Data provided:
☆ ☆ ☆
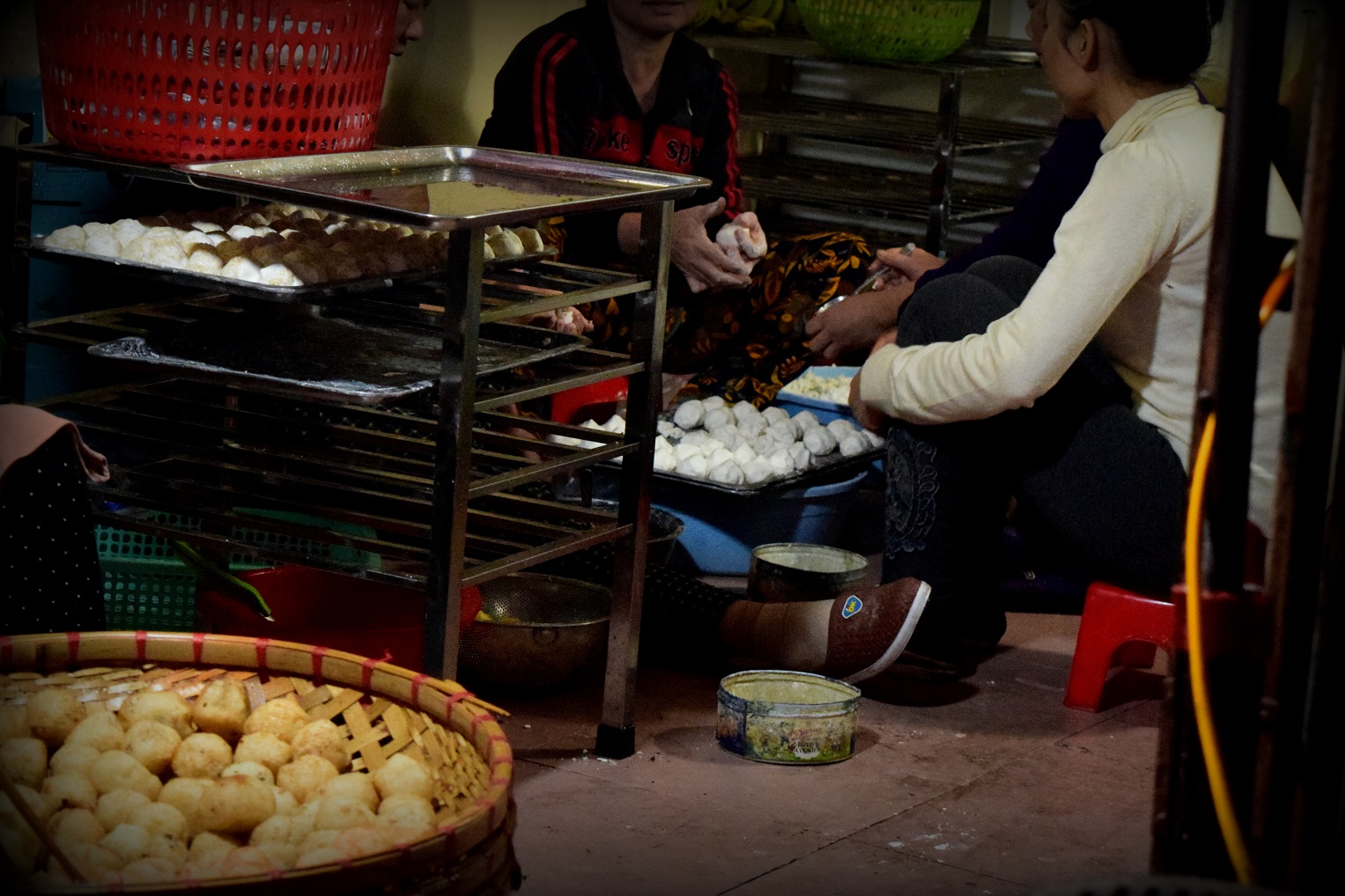 I had the pleasure of visiting one such small store in Hanoi that was led by an older lady. Starring on her menu was the delectable North Vietnamese snack, ‘bánh ran’ (translated to mean fried cake). These rice flour donuts with a subtle sweet jasmine scent, come either with a sweeter mung bean paste inside or savoury fillings such as minced meat. While the vendor started to make these donuts when she was in her twenties, she only got to open the shop about two decades later in the 1990’s, perfecting her recipes over time. These simply yummy donuts are said to evoke a pleasant nostalgia for the locals, many who grew up eating this popular snack.
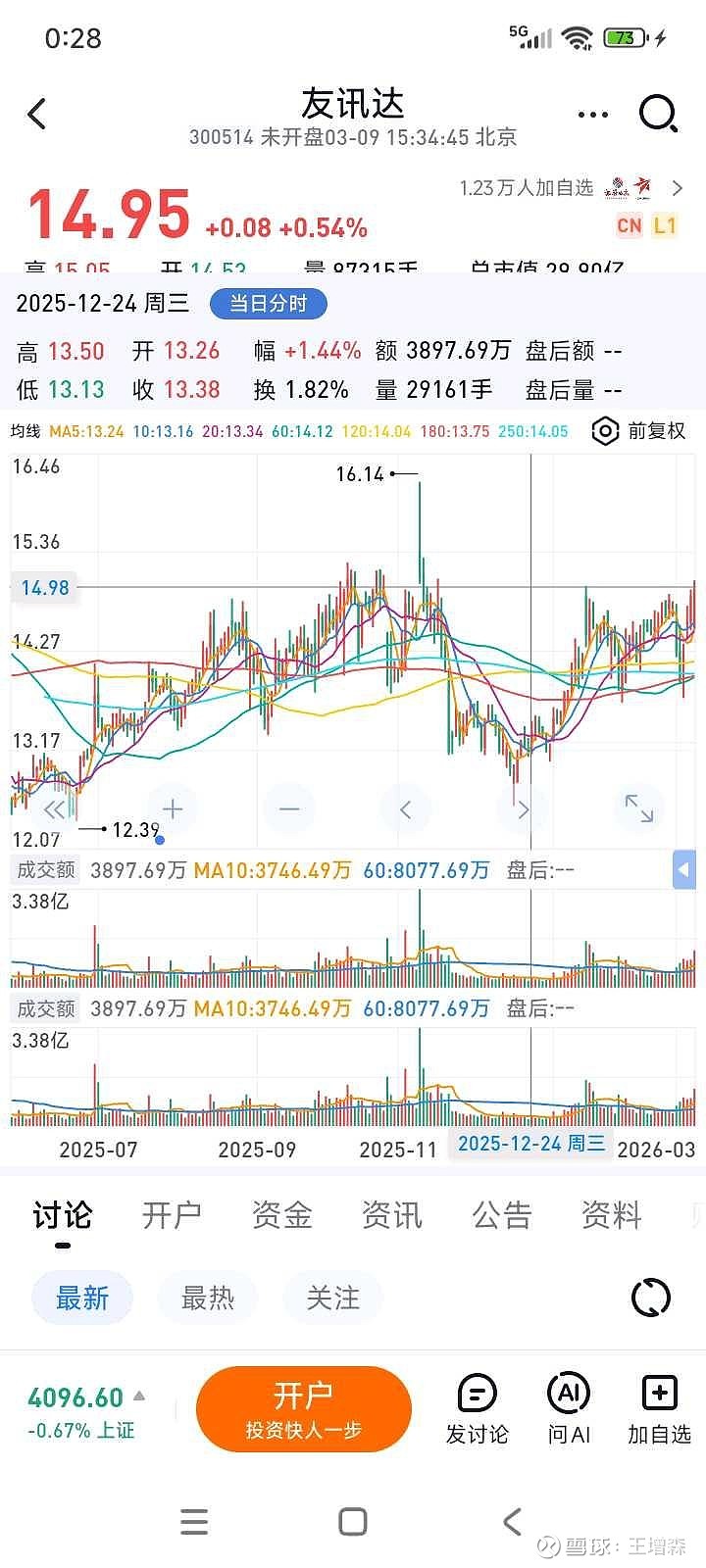 $友讯达(SZ300514)$ “前顶附近不轻易看多”。我有多次再前顶附近看多,被打脸。高开缺口三天不回补,还有理由继续看多。有仓还可以继续观望。也不反对轻微仓试试运气。股指这几天不大好,对他没有太大影响。逆股指的都值得试试。
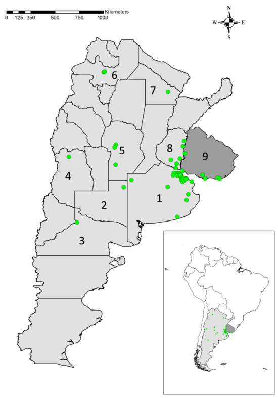 South American observations. Numbers 1 to 8 indicate the Argentinian provinces where the species has been recorded (1—Buenos Aires; 2—La Pampa; 3—Río Negro; 4—Mendoza; 5—Córdoba; 6—Salta; 7—El Chaco; 8—Entre Ríos. N° 9 indicates Uruguay (source: www.inaturalist.org; www.ecoregistros.org; www.fotosaves.com.ar (all accessed 20 October 2020)).
☆ ☆ ☆
Exercise directions: Produce a verbatim transcription of every line in the listing, images omitted.

Written solution:
 I had the pleasure of visiting one such small store in Hanoi that was led by an older lady. Starring on her menu was the delectable North Vietnamese snack, ‘bánh ran’ (translated to mean fried cake). These rice flour donuts with a subtle sweet jasmine scent, come either with a sweeter mung bean paste inside or savoury fillings such as minced meat. While the vendor started to make these donuts when she was in her twenties, she only got to open the shop about two decades later in the 1990’s, perfecting her recipes over time. These simply yummy donuts are said to evoke a pleasant nostalgia for the locals, many who grew up eating this popular snack.
 $友讯达(SZ300514)$ “前顶附近不轻易看多”。我有多次再前顶附近看多,被打脸。高开缺口三天不回补,还有理由继续看多。有仓还可以继续观望。也不反对轻微仓试试运气。股指这几天不大好,对他没有太大影响。逆股指的都值得试试。
 South American observations. Numbers 1 to 8 indicate the Argentinian provinces where the species has been recorded (1—Buenos Aires; 2—La Pampa; 3—Río Negro; 4—Mendoza; 5—Córdoba; 6—Salta; 7—El Chaco; 8—Entre Ríos. N° 9 indicates Uruguay (source: www.inaturalist.org; www.ecoregistros.org; www.fotosaves.com.ar (all accessed 20 October 2020)).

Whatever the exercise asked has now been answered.